Знатный гость, смущаясь, отодвинул ложку, которой собирался было положить себе саламат, и выразительно посмотрел на хозяина и хозяйку.
– Разрешите мне сказать о своей надобности прямо, без всяких там околичностей, – сказал он. – Весной этого года умерла моя жена. Сам-то я хотел бы побыть ещё несколько лет вдовцом, но старик отец не даёт мне покоя. Говорит, чтобы я поскорее женился, не оттягивал и не терял времени зря. Не исполнить волю старого человека – нехорошо…

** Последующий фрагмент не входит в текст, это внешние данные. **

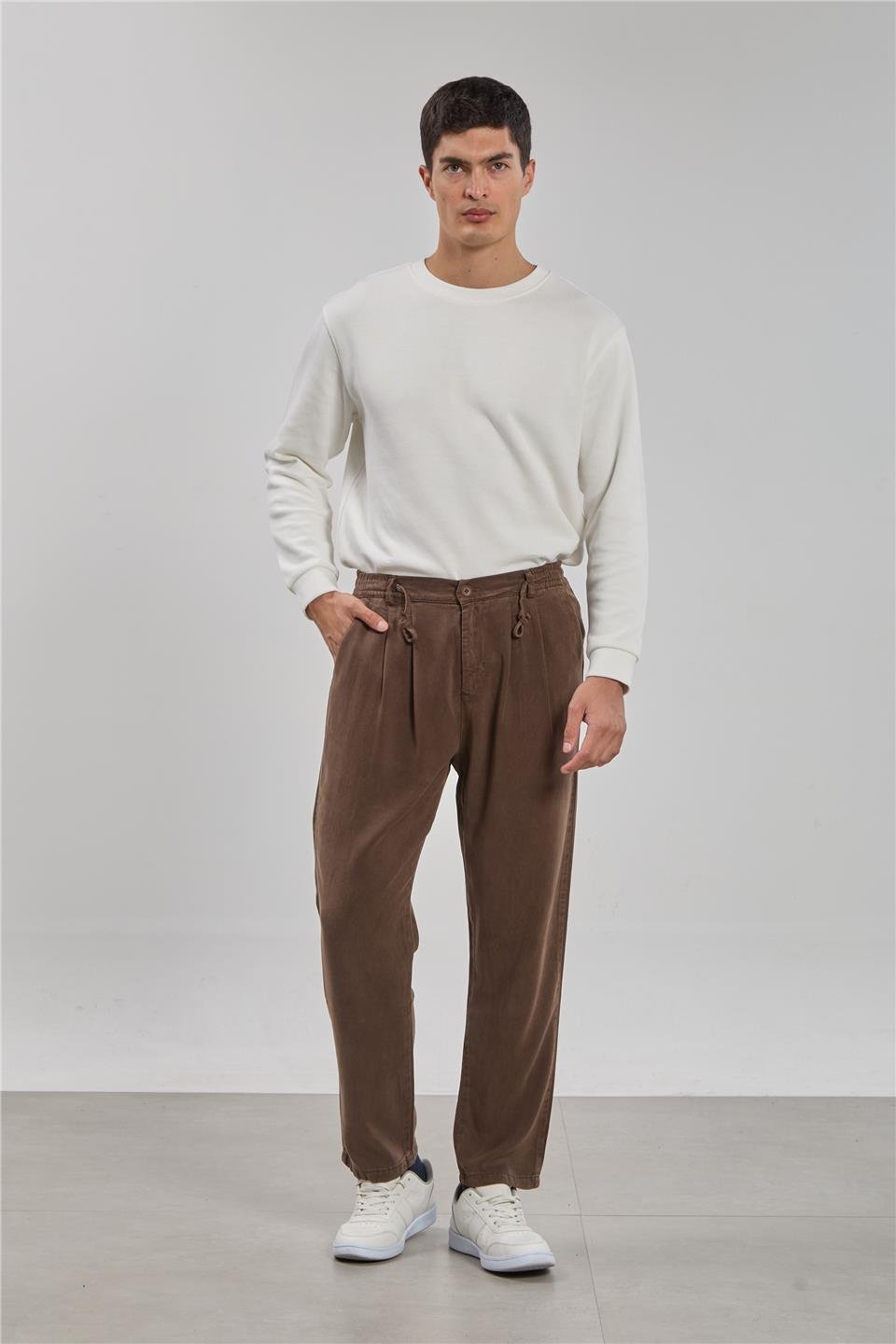 Erkek Beli Bağlamalı Tensel Pantolon - Kahve

– А как же! Правильно, конечно… – одобрили хозяин и хозяйка.
– Так вот я решил исполнить желание отца и жениться. Старик отец настаивает на том, чтобы я женился на одинокой богатой женщине одних лет со мной, но сам я не желаю этого. Не хочу я жениться и на изнеженных и избалованных девицах из долин Лены. Я больше бываю в разъездах, чем дома. Если сейчас у меня состоится сватовство, я осенью, по первому снегу, увезу невесту поскорее домой, а сам сразу же уеду на север, в Верхоянье, торговать. Вот ради этого я езжу, не щадя этих драгоценных летних дней. Мне нужна жена, которая могла бы и без меня вести хозяйство. За красивой внешностью и белизной лица не гонюсь, так как я уже человек немолодой. Ведь, как говорят, не с лица же пить молоко. Мне нужна не вертихвостка, а распорядительная хозяйка. Я полагаю, что такую женщину можно встретить на окраинных землях, и потому вот приехал сюда. Говорят, у вас есть совершеннолетняя дочь…

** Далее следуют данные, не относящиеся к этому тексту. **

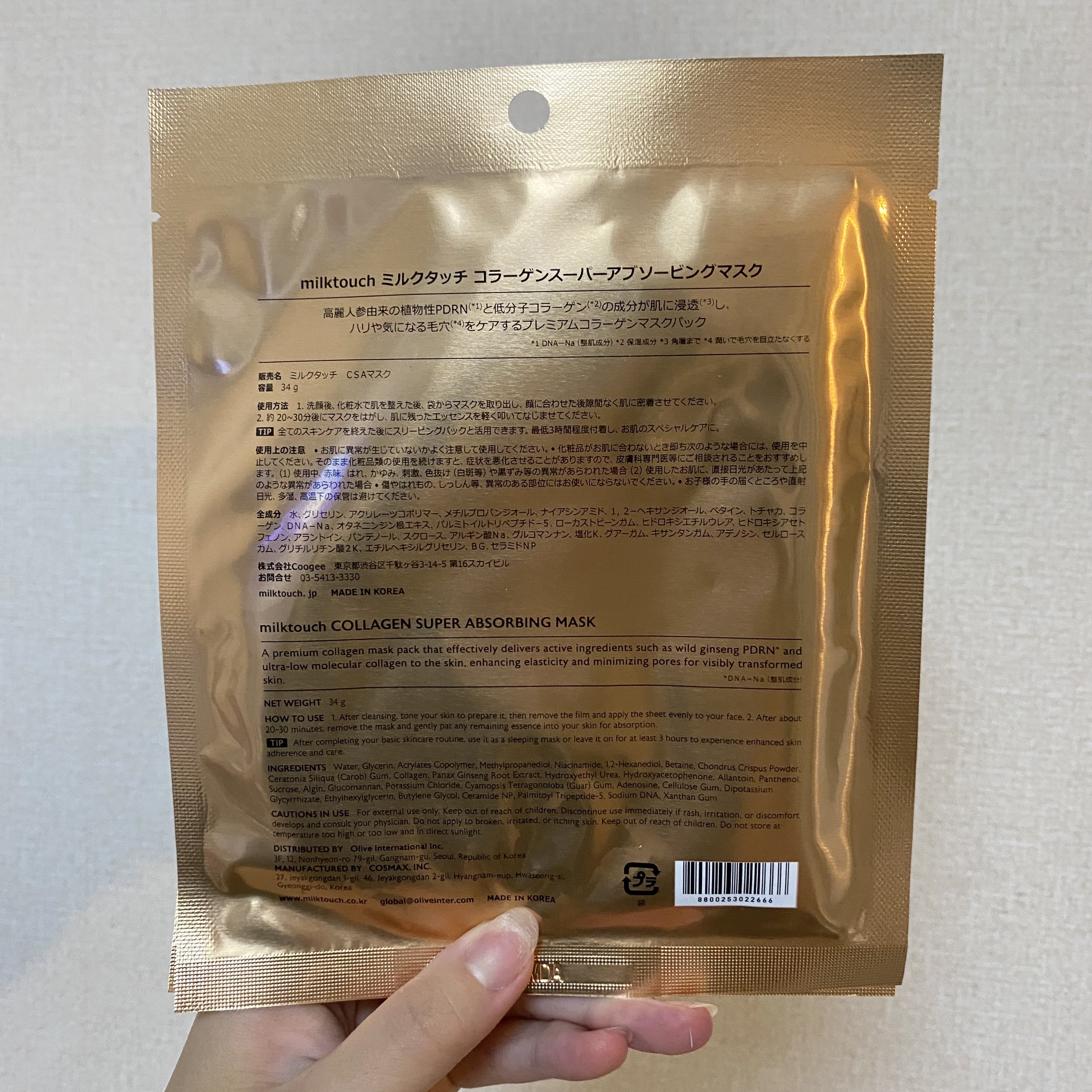 MilkTouch コラーゲンスーパーアブソービングマスク4枚入りミルクタッチさまからいただきましたMimiBeautyガチモニター企画での当選品です。ありがとうございます!!高麗人参由来の植物性PDRN※1と低分子コラーゲン※2の成分が肌に...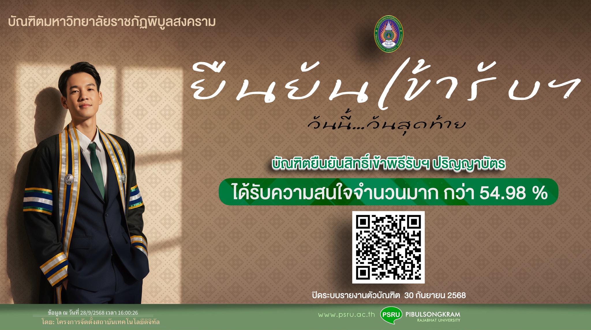 ☑️ บัณฑิตมหาวิทยาลัยราชภัฏพิบูลสงครามต้องยืนยันสิทธิ์ว่าจะเข้ารับหรือไม่เข้ารับพระราชทานปริญญาบัตร

Сердце Бахсырыя затрепетало, словно крыло чирка, попавшего в силки. Гость высказал его сокровенные мысли, словно заглядывал к нему в душу. Его дочь давно уже на выданье, но никто из богатых людей улуса её не сватал. Более или менее подходящие женихи считают её некрасивой и потому избегают. Иметь зятя без богатства и имущества он не хотел. «Пусть тогда лучше сидит дома», – думал он. А оно вон как обернулось, прямо за ней приехал знаменитый человек другого улуса. Очень рассудительный, серьёзный мужчина. И в самом деле, вместо красивой, но ветреной, разгульной женщины гораздо лучше распорядительная простушка. Это тебе не мальчишка-верхогляд, а человек, проживший жизнь, правильно рассуждает!
– Есть у меня дочь, да неохота мне с нею расставаться. Ведь это радость моего сердца, утеха моих глаз! – проговорил Бахсырыя, набивая цену дочери, и уселся ещё крепче, откашлялся, несмотря на то что ему хотелось сразу же крикнуть: «Согласен!» Затем повернулся к старухе: – Жена, пригласи дочь к столу.

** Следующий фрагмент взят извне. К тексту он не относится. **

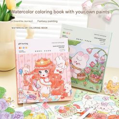 Buku Mewarnai Cat Air Anak Bergambar Karakter Lucu dengan Palet Warna dan Kuas Praktis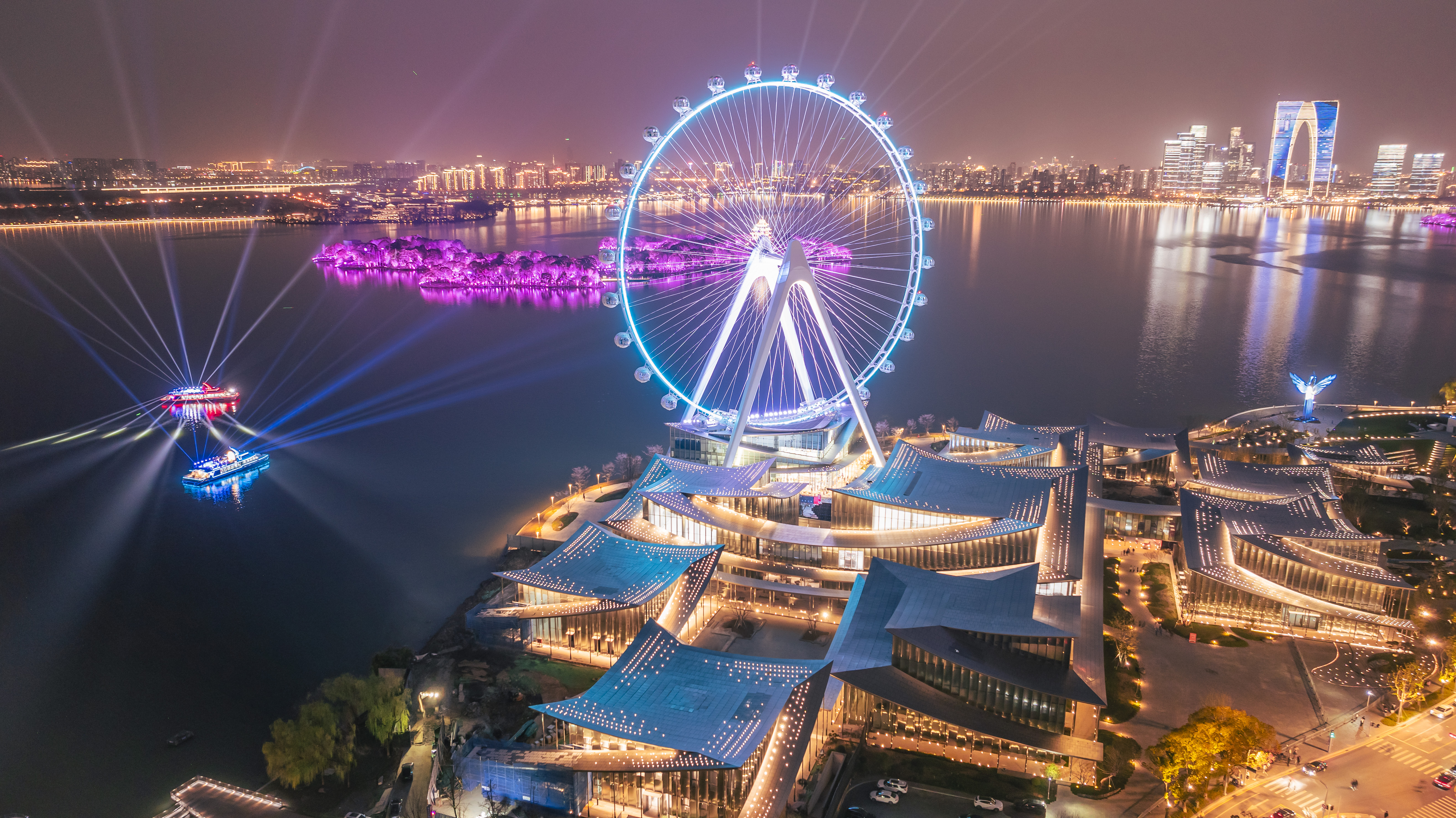 “蘇州之眼”摩天輪高128米,是亞洲最大的水上摩天輪,同時也是全球第八座回轉(zhuǎn)式太空艙摩天輪。它共設(shè)有28個全景轎廂,每個轎廂可容納25人,旋轉(zhuǎn)一圈約30分鐘,可360°俯瞰金雞湖及園區(qū)乃至蘇州全景,和傳統(tǒng)摩天輪相比,乘坐體驗(yàn)更加安全、愜意。

Хозяин и гость в ожидании невесты заговорили о разных домашних делах, об урожае, охоте.
– Мне понравились ваши места. Много, оказывается, здесь дичи. И пушного зверя, по всем признакам, должно здесь водиться немало, – сказал гость.
– Так-то оно так, но я главным образом развожу скот, так что скупкой и продажей пушнины почти не занимаюсь. Это может делать здесь кто-нибудь другой, ну хотя бы вы.
– Да, поживём – увидим.
После продолжительных перешептываний и шушуканий открылась дверь спальни. Хозяйка дома вывела оттуда за руку девушку в гарусном платье с буфами на рукавах, переливающемся синевато-красным цветом. Увидя слишком полные, выпирающие кверху, словно распухшие, щёки и кривые зубы, видневшиеся сквозь полуоткрытые губы, знатный гость сразу же догадался, почему она до сего времени не замужем и почему при первом же слове о сватовстве хозяин дома сразу оживился и изменился в лице.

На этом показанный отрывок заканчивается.